"How so?" asked her listener, becoming interested.
"For pardon," Honor said, "I never knew a man who did not flatter himself that his apology satisfied for the grossest indiscretion."
He stood aimlessly up, and knocked a withered leaf of oleander from a tall branch that scented the spot where they were sitting, but instead of returning to his seat, he leaned his crossed arms on the back of her broad chair, and looking down on her, answered:
"Why are you a little less generous to us, poor unfortunates than you are to every one else?"
He was so gentle to her, he could not reproach her with a fault, and he had therefore called this a less degree of generosity.

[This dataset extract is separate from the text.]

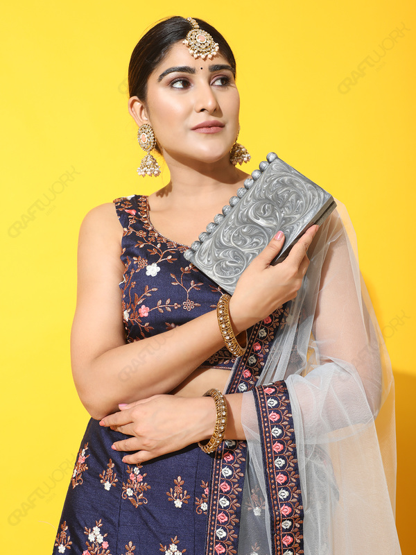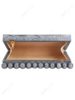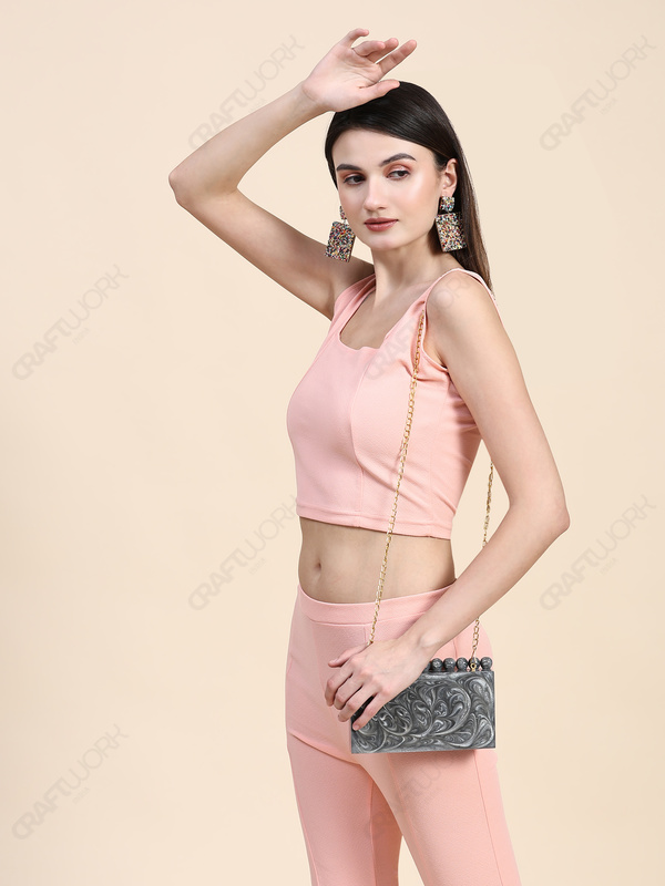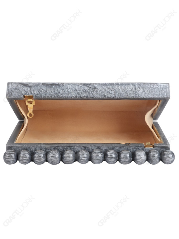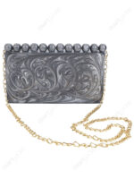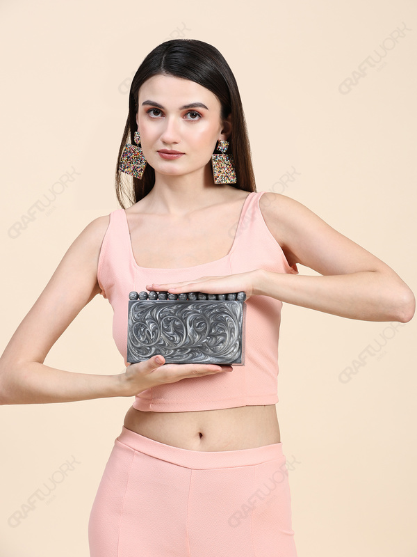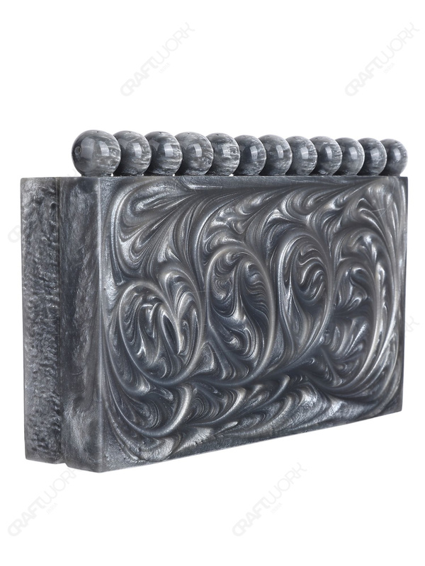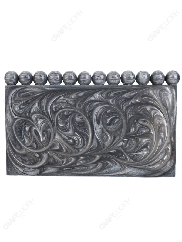 This handcrafted resin clutch is designed for buyers who need compact, structured silhouettes with immediate visual differentiation at display distance. The grey swirl surface creates a fluid, marble-like movement under light, while the top bead detail functions as a recognizable design signature that helps the style stand out in curated boutique and occasion-focused collections.

Honor began to feel the effects of playing with dangerous tools, but without knowing that such an experience, is the greatest danger that can beset an untried life.
"How rashly you do presume, Mr. Standish," said Honor, "as if you could tell, positively, what I thought of 'you poor unfortunates.'"
"As if you could help showing us, your lack of appreciation in every possible way," he returned, still leaning on the cushioned back of the chair, where she rested her head languidly.
"Then, let it be so, for if you judge me by my action only, without bringing any of your own calculations to bear, I will be satisfied with the result."
"Miss Edgeworth," began he, changing his tone to one of curious interest and earnestness, "have you a bosom friend?"